El 9 de septiembre de 1942 el submarino emergió a unos 80 kms de las costas de Oregón y los japoneses armaron la aeronave. La misión era arriesgada, ya que se trataba de volar un hidroavión que iba cargado con dos bombas incendiarias de 340 libras, soltarlas en las costas norteamericanas y volver a aterrizar sobre la pista del submarino.
El piloto Fujita despegó en la aeronave y logró adentrarse casi 100 km en el continente hasta los bosques de Oregón, donde dejó caer las bombas.
La noche anterior había llovido por lo cual el efecto incendiario fue mínimo y pudo ser contrarrestado enseguida por el servicio forestal de Estados Unidos.
En cuanto regresó el piloto Fujita al submarino, éste se sumergió enseguida en el océano para no ser detectado. El I-25 permaneció escondido en el lecho del mar durante tres semanas y volvió a la superficie la noche del 29 de septiembre para que el piloto atacara de nuevo.
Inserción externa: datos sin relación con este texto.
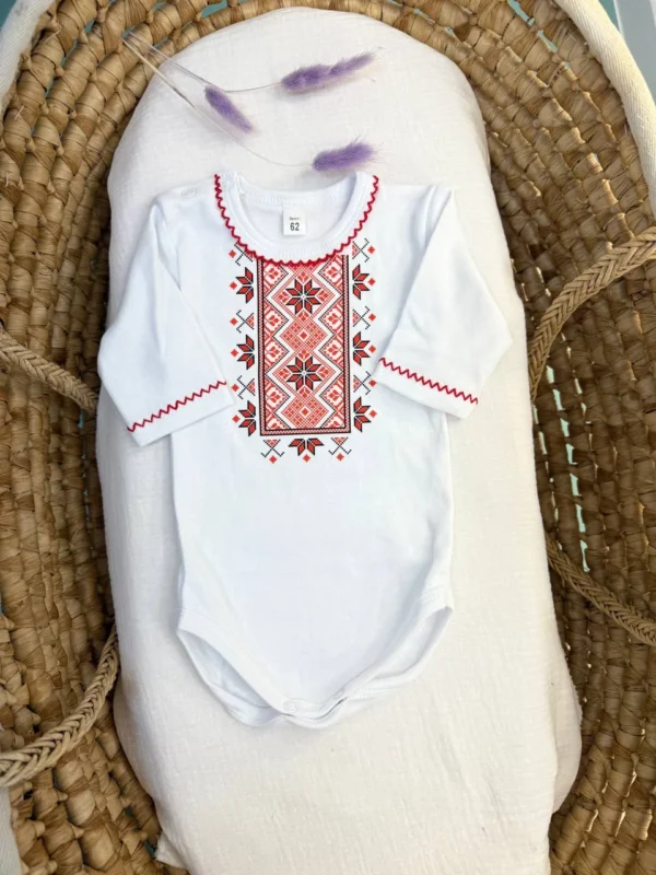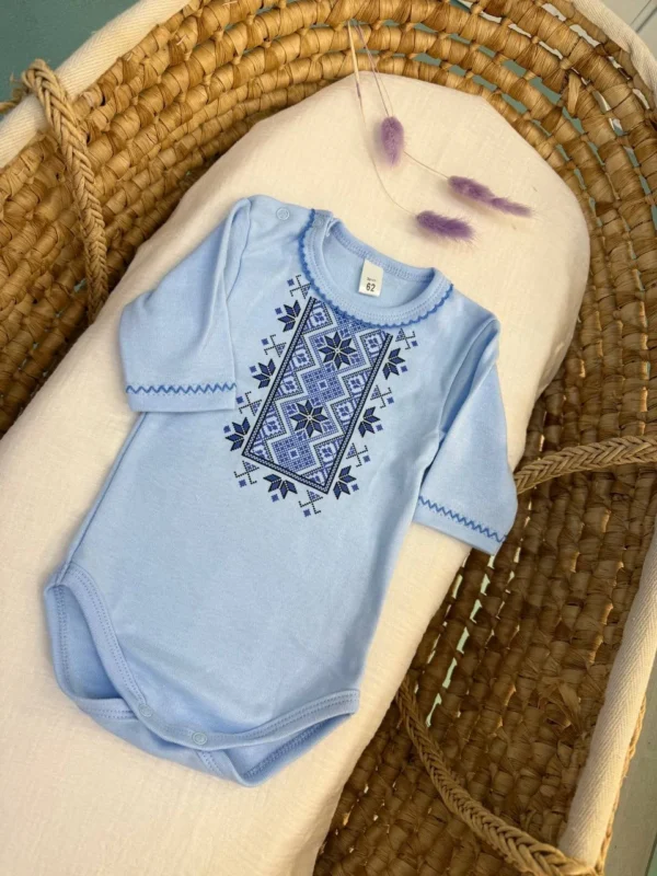 Бодік для новонароджених з довгим рукавом створений для максимального комфорту малюка. Застібки з кнопками на плечі та між ніжками роблять перевдягання простим і швидким. М’який та міцний інтерлок дбайливо торкається шкіри, добре дихає, зберігає тепло та форму навіть після численних прань. Оздоблення на грудях і по краю рукавів — вишукана імітація української вишивки, виконана якісним і стійким накатом. Авторський дизайн поєднує сучасний стиль і красу українських традицій, створюючи особливе тепло в кожному елементі.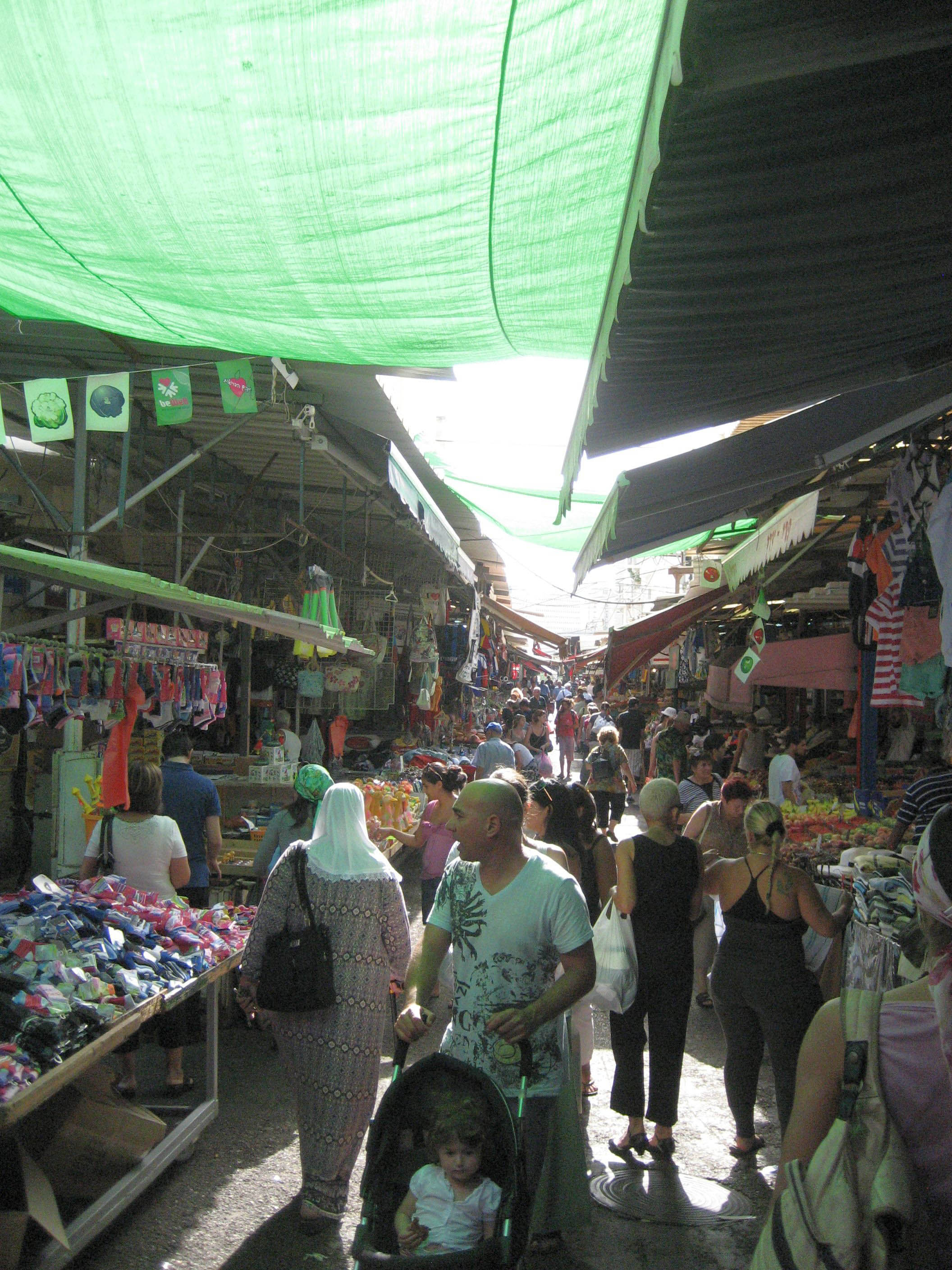 The bustling Carmel Market near the Yemenite Quarter is a good place to get an idea of Tel Aviv daily life. Note extreme differences in woman's dress, typical of Tel Aviv more so than any other Israeli city I visited.

En la oscuridad de la noche, Fujita utilizó el faro de Cabo Blanco de la costa de Oregón para guiarse. Este segundo bombardeo tampoco dejó víctimas mortales porque fue realizado sobre el parque nacional Emily.
Cuando el piloto estuvo de vuelta, el submarino empezó su retirada antes de ser detectado por la armada americana, pero en su trayecto de regreso, aprovechó para atacar al carguero SS Camden y al buque cisterna SS Larry Doheny. En estos dos ataques murieron siete soldados norteamericanos.
El 11 de octubre, antes de llegar a su país, el submarino japonés también se dio el lujo de disparar y hundir al submarino soviético L-16. Es decir, cumplieron una campaña perfecta y obviamente, en Japón los recibieron como héroes y la tripulación fue condecorada.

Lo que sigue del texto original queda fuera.